Spring 2020 brings rare ozone “hole” to the Arctic

Along with the mild winter across much of the eastern United States and the return of something more like real winter in Alaska, here’s something else we can blame on the polar vortex: a rare “hole” in the ozone layer over the Arctic in February and March 2020.

This animation shows daily ozone levels observed by NOAA satellite from January 1-April 18, 2020. Places where ozone values are less than 280 Dobson Units are red. In early winter, short-lived pockets of low-ozone air from lower latitudes are occasionally swept up into the polar vortex, part of the normal winter circulation. But beginning in mid-February, a pocket of red begins to develop inside the Arctic—the result of CFC-related ozone depletion. Due to the strength of the polar vortex this winter, this ozone-depleted air remained more or less isolated well into April. Animation by NOAA Environmental Visualization Lab and Climate.gov, based on OMPS

The stratospheric ozone layer is a natural barrier to high-energy ultraviolet (UV) light that can cause skin cancer and other DNA damage in people, other animals, and plants. In the late 1970s, scientists discovered that CFCs—short for chlorofluorocarbons—being used in cooling systems and aerosol sprays were damaging the ozone layer. The discovery led to an international treaty to phase out and eventually eliminate their use.

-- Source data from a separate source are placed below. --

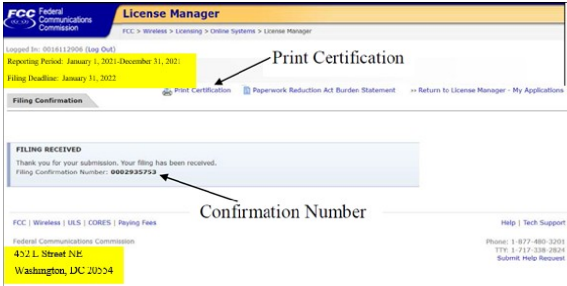
Figure 12 Confirmation Page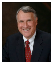
Sen. Jon Kyl (R, AZ)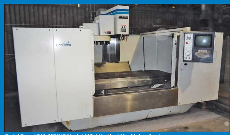
Fadal Type VMC-6030HT Model 907-1 Vertical Machining Center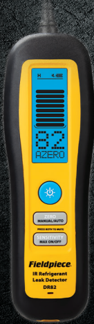
Leak Detectors DR82, DR58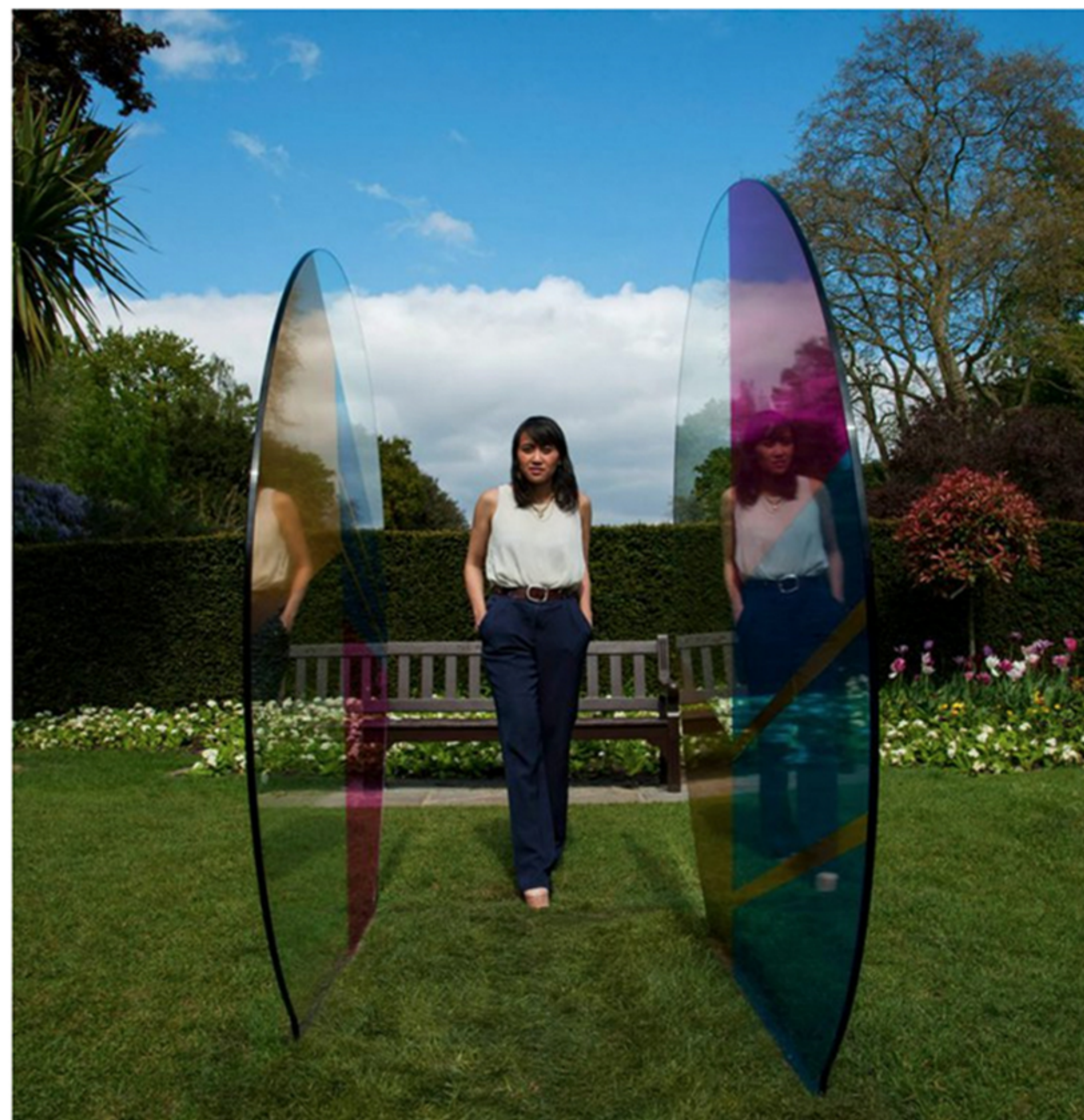
The Eccentricity of Zero , is the second commission presented through a three-year collaboration between the Royal Borough of Kensington and Chelsea and the Royal British Society of Sculptors to celebrate the work of female sculptors. Sited in Napoleon Gardens, Holland Park, London.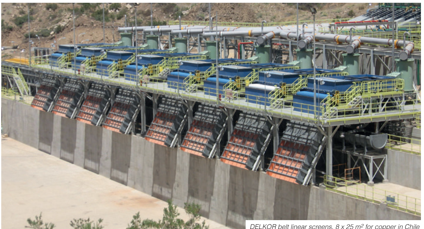
DELKOR belt linear screens, 8 x 25 m 2 for copper in Chile

Safety | Reliability | Innovation | Sustainability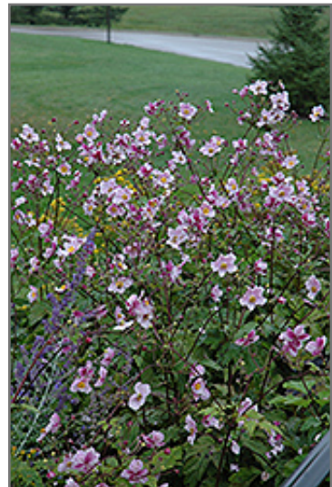
Robustissima Anemone flowers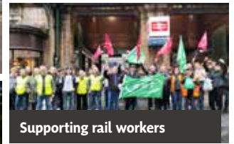
Supporting rail workers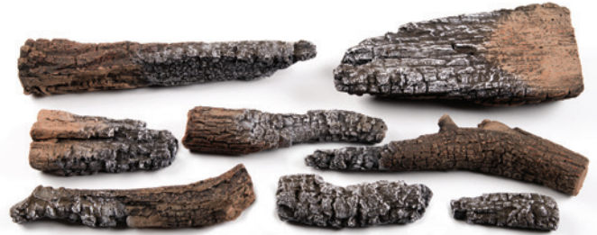
LAMF-Decorative Log Accessory Kit (Giant Timbers)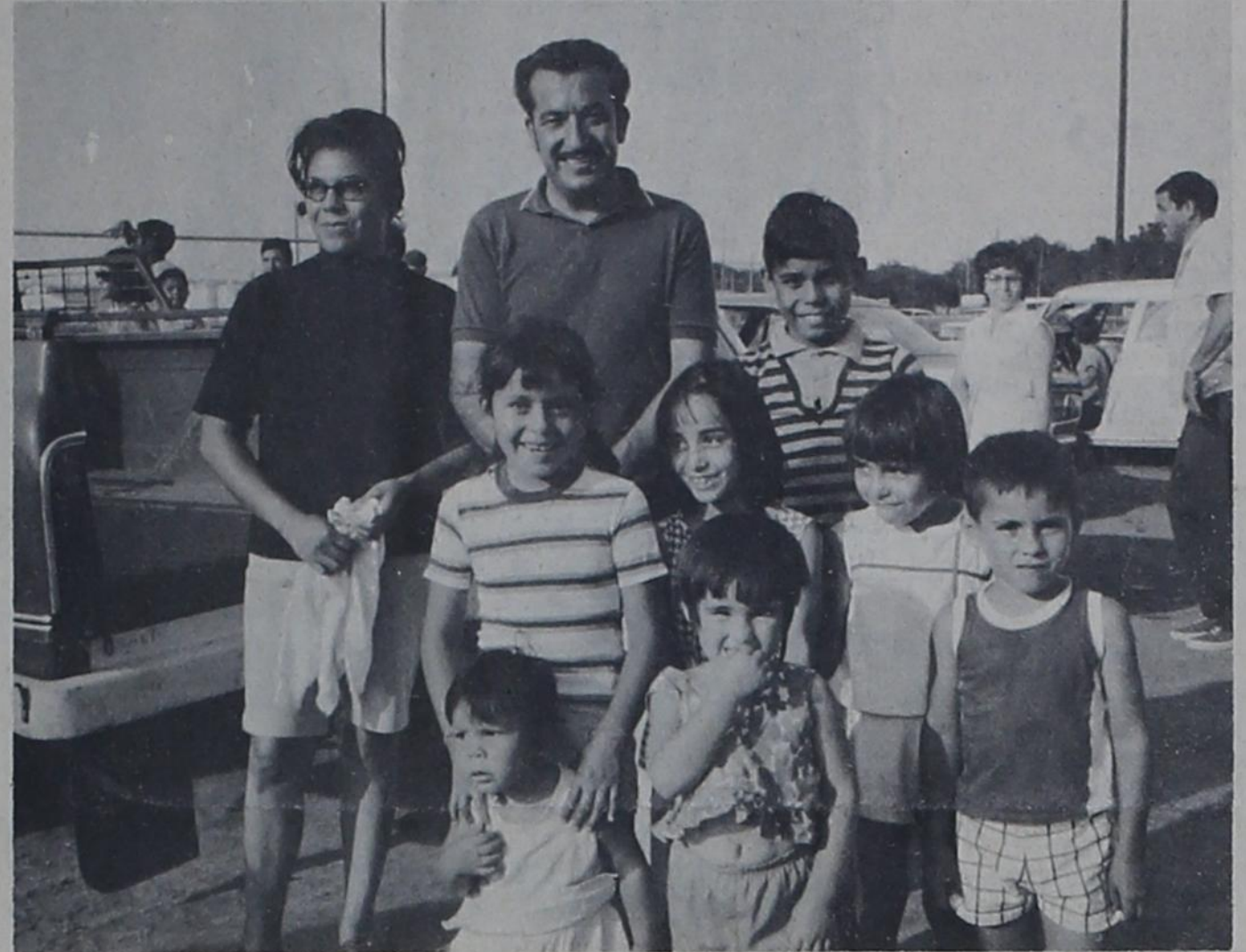
BARBECUE CON FRIJOLAS with all the trimmings, along with baseball games and a gigantic fireworks display was on the agenda for this typical family who attended the July 4th festivities in Texico last week. Some 500 persons witnessed the fireworks display which climaxed the afternoon and evening of festivities.

While it isn’t on par with the ozone hole that develops each year over the South Pole, this year’s severe event is a record for the Northern Hemisphere. Since ozone observations began in the 1970s, events like this have only happened two other times, during the winters of 1996-97 and 2010-11. In each case, the extreme ozone loss was the result of unusual weather that kept the Arctic colder and more isolated than normal in late winter.

What’s cold got to do with it?

In the lower atmosphere, CFCs are inert, but exposure to ultraviolet light in the stratosphere breaks them down into more reactive gases. The process is accelerated within polar stratospheric clouds. Commonly known as noctilucent (“night-shining”) clouds, they only form at temperatures below -78°C. It rarely gets that cold in the Arctic, even in the winter. That’s why when we talk about “the ozone hole,” we generally mean the one that happens every spring over the South Pole, where that kind of extreme cold is widespread.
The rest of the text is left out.